Competition from startup firms create productivity gains
But it’s gotten harder and harder to survive as one of those superstar growth firms, amid growing corporate strength.
It’s true that if a company grows quickly enough it will graduate from small business to large business (a threshold that the U.S. Small Business Administration puts at 500 employees). But the embedded assumption is that new firms scale when they find a new market niche, that will either serve customers well or force existing incumbents to adapt.
It’s also true that on the whole larger firms are more efficient than smaller ones, helpful to contribute to economic growth. That much is not unique to the United States, as other countries have found traditional family firms (no matter their size) tend to be less efficient than their more modern corporate peers.
Though cherished, family-run Japanese firms tend to decline in productivity over successive generations enough that they even have a saying for it in Japanese that translates to “the third generation ruins the house.” The same goes for South Korean Chaebols, that country’s own family-run conglomerates. Even celebrated German Mittelstand firms have trended away from their family-run origins.

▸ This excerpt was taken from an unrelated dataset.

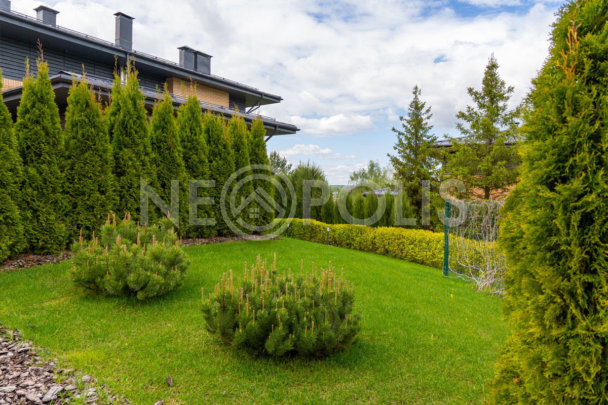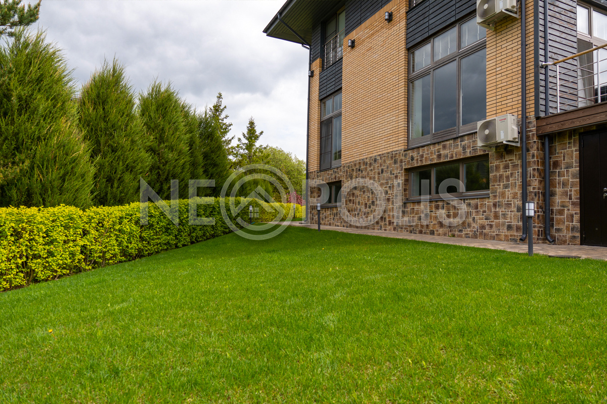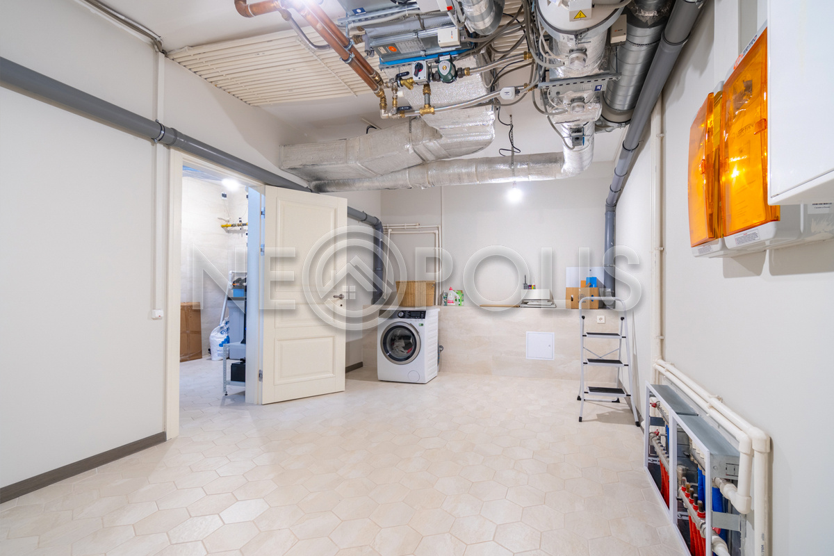 В цоколе дома (под домом с отдельным входом) - крытое утепленное подсобное помещение для хранения хозяйственного инвентаря, установлены накопительные баки для автоматической системы полива.

New firm competition is a foundation of quality of life gains and economic growth. Declining rates of new firm incorporation may be partially blamed on rising near-monopolies and duopolies. As FiveThirtyEight put it in 2014: “Corporate America Hasn’t Been Disrupted.”
Small firms remain a part of cultural heritage
Cold efficiency misses a very human element, too. Beyond just the jobs created and the competition served, there’s an element of culture. The neighborhood bar, corner restaurant or family-run hardware store are thought to be what makes a place special.
The perceived inefficiency of small businesses can mirror community values and result in serendipity. Traditions are often maintained exactly because they are impractical.
Of course in this particular economic shock, these kinds of neighborhood institutions are the frontlines of what could be a grim wave of closures — with businesses owned by women and people of color at particular risk. A quarter of small U.S. firms hold less than a month of cash reserves. Fortunately, just one in 10 Americans work at companies with fewer than 10 employees; in contrast, nearly half of Italians and Australians do. In a report on the preparedness of rich countries to weather this major recession, The Economist noted this minor role of small firms as a strength for the United States.
If we do see a corresponding rise in firm closures now, it would at least shake up a dismal flattening over the last decade — as both new firm births and deaths have declined, we’ve seen a worrying calcifying of entrepreneurship.
So what can be done now?
The causes are muddled. Declining rates of immigration, consolidating industries by software-backed network effects, and cultural and demographic factors all play a role. The clear worry is that if the Great Recession sped this decline, and if we haven’t yet found its most specific root causes, this pandemic-caused economic shock could do worse. That would further hurt this country’s job growth, economic competitiveness and cultural heritage.
It’s a worrying alarm to know the economic lifeboat is already leaking before the storm hits. But that also means it’s a known problem that many have worked to address.
The Kauffman Foundation has become a national leader on the topic. It champions an array of salves, from more welcoming immigration policy to simplified tax policies and investing in local entrepreneurship communities. The Kansas City, Missouri-based foundation gives an annual State of Entrepreneurship address.
Though they remain an optimistic bunch, it’s clear declining rates of entrepreneurship was a daunting nationwide challenge before a pandemic. Now attention to small business and new firm creation will become more, not less, important.